Institute of Molecular Medicine discovered mechanism by which the parasite is vulnerable to the toxicity of iron present in the human body, preventing it from multiplying January 21, 18:23 Writing / HR Dengue [Reuters] A team of researchers from the Institute of Molecular Medicine (IMM) has discovered a mechanism by which the malaria parasite becomes vulnerable to the toxicity of iron present in the human body, preventing it from multiplying.
The team iMM Lisbon, led by researcher Maria Manuel Mota, which publishes this Thursday their study in the journal Nature Communications, found a new carrier of iron that the malaria parasite has, which is blocked makes this nutrient is becomes lethal, which opens the door to the development of new drugs. "Iron is essential to life, but it is also extremely toxic. That's what happens in our body, cells need iron and all organisms need iron, but when it is in excess cause very serious injury, and the malaria parasite is not different from that: needs iron but if you are in Excess Dies ", told Lusa the researcher.
What the research showed was that this new carrier is essential to the parasite so that it can store the iron that is more and keep it in a place that does not allow it to become toxic. This discovery is "very important", because in certain circumstances the malaria parasite may be in locations that have excess iron, which can make it very serious or lethal to the parasite.
"What we've shown is that if we have a malaria parasite that has this Carrier - we can do a parasite that does not have this carrier - what happens is that this parasite can not develop well," said Maria Mota. For this investigation, the team of researchers used a mutant strain of yeast in which the sequence for a particular protein carrier iron was removed from the DNA.

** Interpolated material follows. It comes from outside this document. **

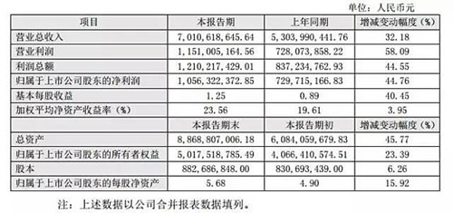 二、谋划业绩和财务状态情形说明 报告期内,公司实现营业总收入7,010,618,645.64元,较上年同期增添 32.18%,主要系随着公司品牌影响力一直提升,产品销量同比增添,质料销售业 务和施工服务营业规模均有所增添所致;营业利润1,151,005,164.56元,较上年 同期增添58.09%,利润总额1,210,217,429.01元,较上年同期增添44.55%,归属 于上市公司股东的净利润1,056,322,372.85元,较上年同期增添44.76%,基本每 股收益1.25元,较上年同期增添40.45%,主要缘故原由是报告期公司营业状态整体向 好,主要产品的销售收入、施工收入继续增添,毛利润逐步提高所致。 报 告 期 公 司 财 务 状 况 良 好 , 截 止 2016 年 12 月 31 日 , 公 司 总 资 产 8,868,807,006.18元,较本报告期初增添了45.77%,主要是公司谋划规模扩大所致。
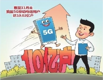 工业和信息化部12月23日公布的数据显示,截至11月末,我国5G移动电话用户达10.02亿户,占移动电话用户的56%,占比较上年末提高9.4个百分点。新华社发

Due to this inability to produce iron carrier protein, the mutant yeast strain unable to grow in the presence of this micronutrient. From this experiment, the researchers have created mutant malaria parasites that removed the protein gene in question. Therefore, these parasites contained a high iron content within red blood cells, which due to its toxicity, resulting in a reduced number of parasites. The impact of this discovery for the future is to develop drugs they can inhibit this transporter. "If we block this transporter, the parasite will begin to accumulate iron, which makes it toxic, and will not be able to develop well," she added. On the other hand there are already drugs that are dependent on iron levels. Therefore, one of the studies to be carried forward "is to see how the presence or absence of this transporter affect the function and efficiency of these drugs."
The team iMM Lisbon, led by researcher Maria Manuel Mota, which publishes this Thursday their study in the journal Nature Communications, found a new carrier of iron that the malaria parasite has, which is blocked makes this nutrient is becomes lethal, which opens the door to the development of new drugs. "Iron is essential to life, but it is also extremely toxic. That's what happens in our body, cells need iron and all organisms need iron, but when it is in excess cause very serious injury, and the malaria parasite is not different from that: needs iron but if you are in Excess Dies ", told Lusa the researcher.
What the research showed was that this new carrier is essential to the parasite so that it can store the iron that is more and keep it in a place that does not allow it to become toxic. This discovery is "very important", because in certain circumstances the malaria parasite may be in locations that have excess iron, which can make it very serious or lethal to the parasite.
"What we've shown is that if we have a malaria parasite that has this Carrier - we can do a parasite that does not have this carrier - what happens is that this parasite can not develop well," said Maria Mota. For this investigation, the team of researchers used a mutant strain of yeast in which the sequence for a particular protein carrier iron was removed from the DNA.
Due to this inability to produce iron carrier protein, the mutant yeast strain unable to grow in the presence of this micronutrient. From this experiment, the researchers have created mutant malaria parasites that removed the protein gene in question. Therefore, these parasites contained a high iron content within red blood cells, which due to its toxicity, resulting in a reduced number of parasites. The impact of this discovery for the future is to develop drugs they can inhibit this transporter. "If we block this transporter, the parasite will begin to accumulate iron, which makes it toxic, and will not be able to develop well," she added. On the other hand there are already drugs that are dependent on iron levels. Therefore, one of the studies to be carried forward "is to see how the presence or absence of this transporter affect the function and efficiency of these drugs."